Cumhurbaşkanı Recep Tayyip Erdoğan, 5’nci Muhammed Sarayı’nda Gine Devlet Başkanı Alpha Conde ile gerçekleştirdikleri baş başa ve heyetler arası görüşmelerin ardından ortak basın toplantısı düzenleyerek soruları yanıtladı.
İmzalanan anlaşmaların hayırlara vesile olmasını dileyen Cumhurbaşkanı Erdoğan, bir gazetecinin CHP Genel Başkanı Kemal Kılıçdaroğlu’nun TBMM Başkanı İsmail Kahraman’ın davetini geri çevirmesine ilişkin sorusu üzerine, Kahraman’ın parlamentodaki parti genel başkanlarına yaptığı davetin kendisiyle alakalı olmadığını söyledi.
Yapılan davetin sadece yeni anayasanın görüşülmesiyle ilgili olduğunu belirten Erdoğan, “Bu yeni anayasanın görüşülmesi, müzakeresi ve mutabakat sağlanabilirse alınacak netice ülkemi̇zi̇n geleceği̇ i̇çi̇ndi̇r ve burada şahsımla ilgili ‘olur mu, olmaz mı’ böyle bir değerlendirme söz konusu değil” dedi.
“Ana Muhalefet Partisi Genel Başkanı’nın yaptığı ipe un sermek”
“Ana Muhalefet Partisi Genel Başkanı’nın şu andaki tavırları ipe un sermekten başka bir şey değildir” diyen Cumhurbaşkanı Erdoğan, şöyle devam etti:
“Eğer dürüstseniz masadan kaçmazsınız. Bakın bundan önce bir cumhurbaşkanlığı seçimi yapıldı, ilk defa halka gitmek suretiyle yapılan bir cumhurbaşkanlığı seçimiydi ve bu cumhurbaşkanlığı seçimine bir genel başkan olarak siz kendiniz katılmadınız. Dışarıdan bir ısmarlama aday çıkardınız, üzerinde 14 siyasi parti birleştiniz ama milletim sizde ittifak etmedi, milletim şahsım üzerinde, yüzde 52 ile ittifak etti ve bizi cumhurbaşkanı olarak görevlendirdi. Şimdi meydanlarda söz verdiğiniz yeni anayasanın yapımıyla ilgili dört siyasi partinin üçer tane temsilcisi var, burada iktidar partisinin 317 milletvekili var, 317 milletvekili 3 kişiyle temsil ediliyor ama bunun karşısında, 233 milletvekili var. 233 milletvekili ise 9 milletvekiliyle temsil ediliyor.”
“Burada yine nihai kararı verecek olan iktidar partisi vasıtasıyla millettir”

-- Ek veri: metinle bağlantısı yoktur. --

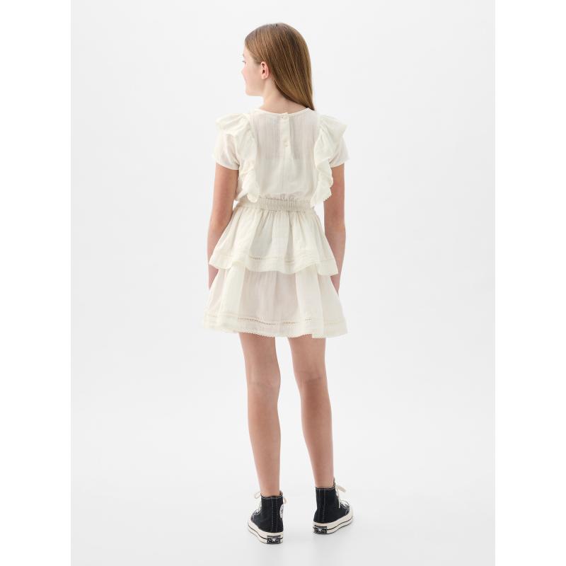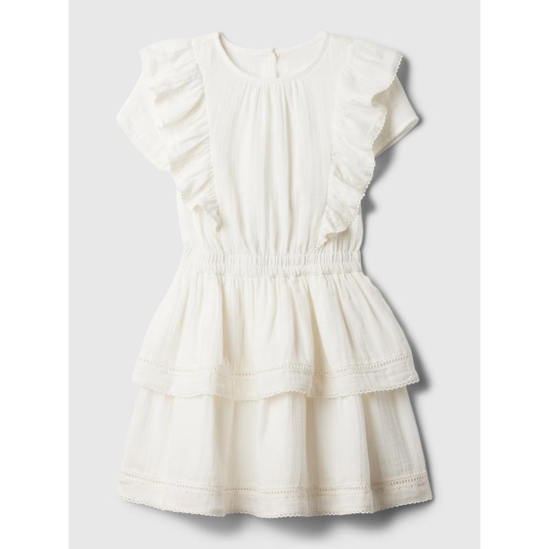 Dívčí šaty s volány.Výstřih ke krku.Krátké rukávy.Zvýrazněný pas.Volánová sukně. 100 % bavlna
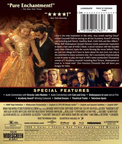 | Producer | Linda Bruce, Mark Cooper, Donna Gigliotti, Julie Goldstein, Marc Norman, David Parfitt, Bob Weinstein, Harvey Weinstein, Edward Zwick | |

Bunun adil bir yaklaşım olmadığını dile getiren Cumhurbaşkanı Erdoğan, “Ama iktidar partisi, benim dönemimde de biz bunu uyguladık, burada ‘üzümü yiyelim, bağcıyla işimiz yok’ anlayışından hareketle ‘gelin çalışalım, şu işi bitirelim’ dediler ama yine kaçtılar gittiler. Hiçbir zaman sorun çözmek için değil, tam aksine sorun meydana getirmek için varlar” ifadelerini kullandı.